■ Work request ■
Search the entries for the word "youth". Copy each line in which it is found.

*** Data listing ***

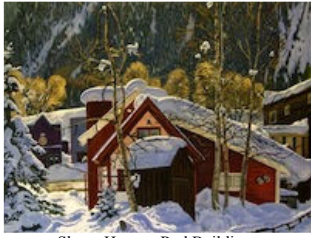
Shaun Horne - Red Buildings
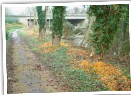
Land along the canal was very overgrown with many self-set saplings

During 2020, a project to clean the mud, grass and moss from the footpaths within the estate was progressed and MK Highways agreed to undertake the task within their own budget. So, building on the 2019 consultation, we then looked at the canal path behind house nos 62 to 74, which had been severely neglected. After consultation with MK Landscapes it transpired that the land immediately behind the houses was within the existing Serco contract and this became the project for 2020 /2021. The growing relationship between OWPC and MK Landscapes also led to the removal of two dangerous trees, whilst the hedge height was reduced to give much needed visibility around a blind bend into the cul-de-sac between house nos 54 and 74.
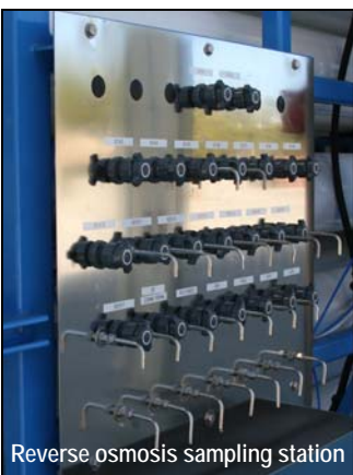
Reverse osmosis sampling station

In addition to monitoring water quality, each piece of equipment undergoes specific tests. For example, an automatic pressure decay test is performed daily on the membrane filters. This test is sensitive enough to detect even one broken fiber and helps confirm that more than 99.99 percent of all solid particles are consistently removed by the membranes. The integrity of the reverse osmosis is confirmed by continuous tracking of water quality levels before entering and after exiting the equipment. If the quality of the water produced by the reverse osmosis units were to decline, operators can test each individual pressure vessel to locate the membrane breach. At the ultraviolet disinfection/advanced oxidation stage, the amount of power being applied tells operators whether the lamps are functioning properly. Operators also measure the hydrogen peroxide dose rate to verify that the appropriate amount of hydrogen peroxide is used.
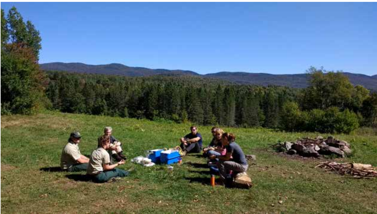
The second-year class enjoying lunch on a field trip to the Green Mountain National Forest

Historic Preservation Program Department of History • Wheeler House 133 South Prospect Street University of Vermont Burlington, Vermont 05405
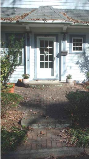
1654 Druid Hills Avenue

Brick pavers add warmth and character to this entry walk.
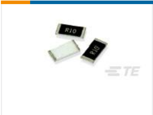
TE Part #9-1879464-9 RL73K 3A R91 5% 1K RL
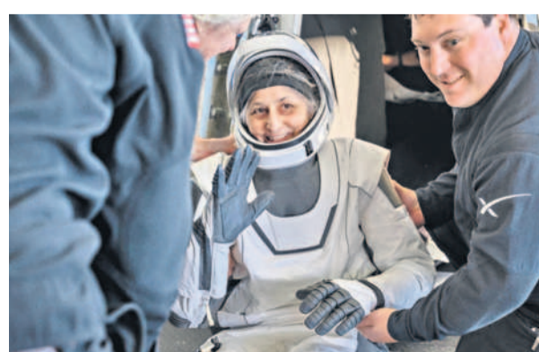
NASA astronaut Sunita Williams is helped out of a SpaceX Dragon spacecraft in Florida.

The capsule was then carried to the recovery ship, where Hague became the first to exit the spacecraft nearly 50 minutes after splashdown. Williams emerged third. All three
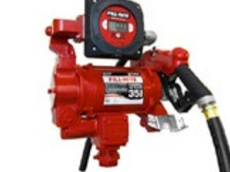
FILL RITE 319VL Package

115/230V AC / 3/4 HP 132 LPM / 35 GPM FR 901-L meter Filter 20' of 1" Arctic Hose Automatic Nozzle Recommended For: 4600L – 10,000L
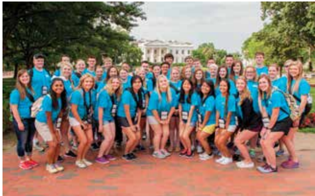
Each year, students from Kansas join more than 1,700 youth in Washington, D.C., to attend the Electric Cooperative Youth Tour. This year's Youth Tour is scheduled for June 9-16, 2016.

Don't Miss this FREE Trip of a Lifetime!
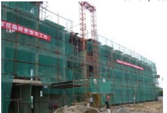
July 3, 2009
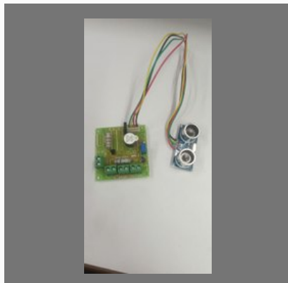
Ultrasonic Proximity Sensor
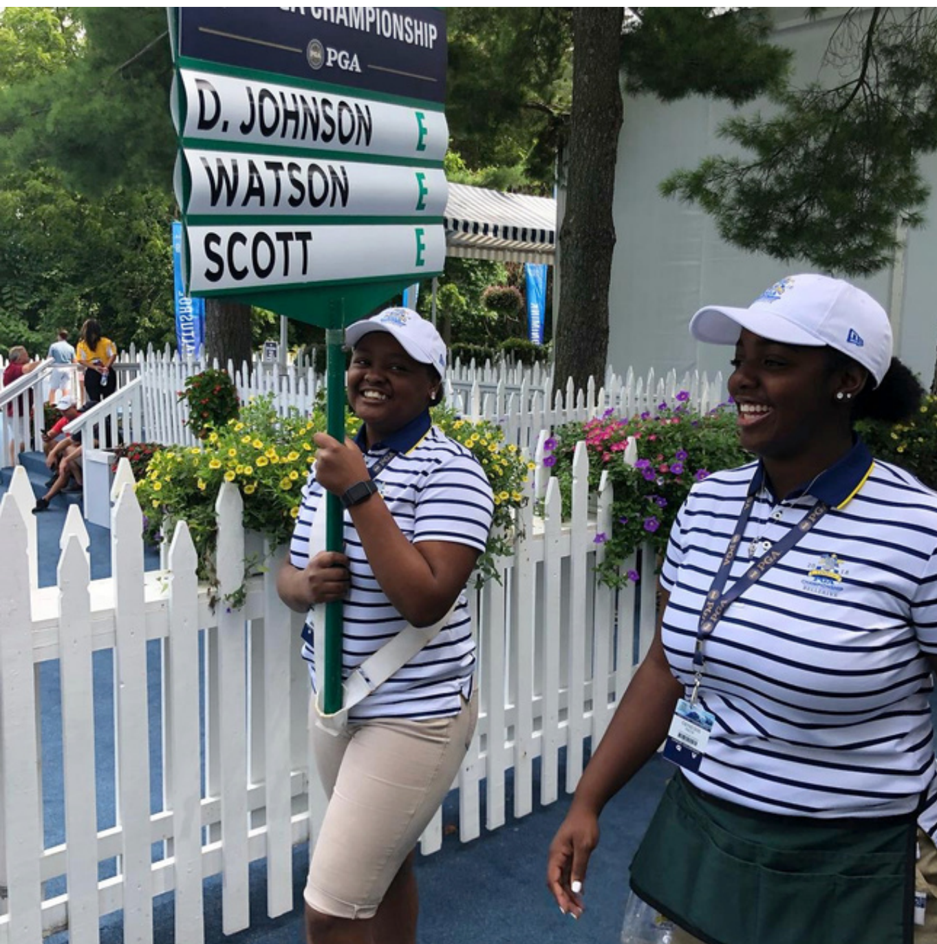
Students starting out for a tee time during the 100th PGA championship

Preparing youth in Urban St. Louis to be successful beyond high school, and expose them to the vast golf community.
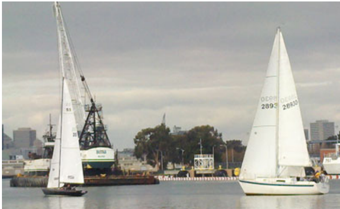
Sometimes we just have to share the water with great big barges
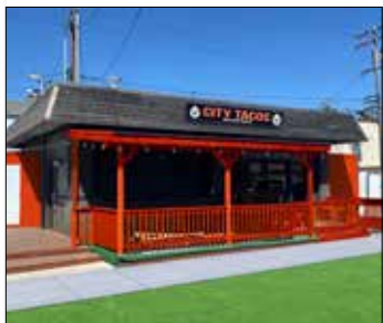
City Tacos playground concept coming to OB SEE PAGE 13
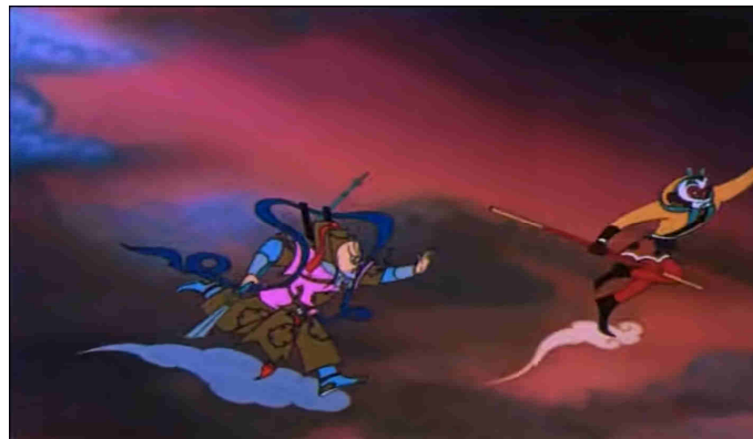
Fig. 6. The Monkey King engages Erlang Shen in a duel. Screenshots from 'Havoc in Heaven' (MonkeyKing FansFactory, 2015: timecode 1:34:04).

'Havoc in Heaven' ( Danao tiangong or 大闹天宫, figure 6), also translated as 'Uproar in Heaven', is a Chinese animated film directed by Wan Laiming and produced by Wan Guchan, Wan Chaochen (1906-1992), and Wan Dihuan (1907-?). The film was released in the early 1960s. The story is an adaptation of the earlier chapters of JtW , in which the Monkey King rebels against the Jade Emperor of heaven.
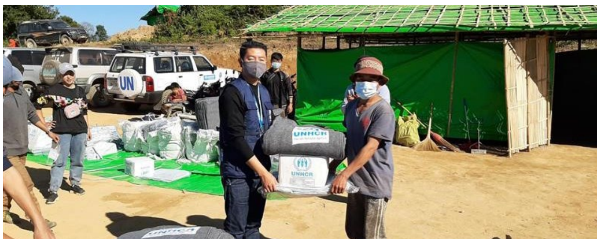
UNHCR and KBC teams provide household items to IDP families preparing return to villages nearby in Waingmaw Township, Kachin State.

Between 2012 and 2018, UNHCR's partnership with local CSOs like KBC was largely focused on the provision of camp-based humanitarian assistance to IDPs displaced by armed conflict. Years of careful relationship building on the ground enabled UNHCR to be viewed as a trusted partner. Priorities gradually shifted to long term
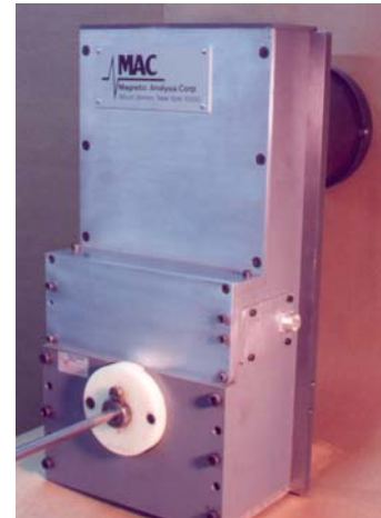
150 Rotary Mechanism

*** End of Data listing ***
*** Data listing ***

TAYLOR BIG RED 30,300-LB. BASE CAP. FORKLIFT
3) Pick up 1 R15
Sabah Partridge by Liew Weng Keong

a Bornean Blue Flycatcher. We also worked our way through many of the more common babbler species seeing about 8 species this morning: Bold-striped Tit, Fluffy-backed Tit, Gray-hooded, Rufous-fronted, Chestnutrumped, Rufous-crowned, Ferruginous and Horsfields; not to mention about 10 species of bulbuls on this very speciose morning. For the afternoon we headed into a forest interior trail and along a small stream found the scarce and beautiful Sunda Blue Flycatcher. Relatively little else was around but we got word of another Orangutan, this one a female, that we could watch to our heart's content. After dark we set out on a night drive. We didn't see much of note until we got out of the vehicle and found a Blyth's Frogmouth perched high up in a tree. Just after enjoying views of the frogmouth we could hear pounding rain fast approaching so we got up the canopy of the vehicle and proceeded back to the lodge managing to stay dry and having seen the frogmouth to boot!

*** End of Data listing ***

■ Output of the task ■
Each year, students from Kansas join more than 1,700 youth in Washington, D.C., to attend the Electric Cooperative Youth Tour. This year's Youth Tour is scheduled for June 9-16, 2016.
Preparing youth in Urban St. Louis to be successful beyond high school, and expose them to the vast golf community.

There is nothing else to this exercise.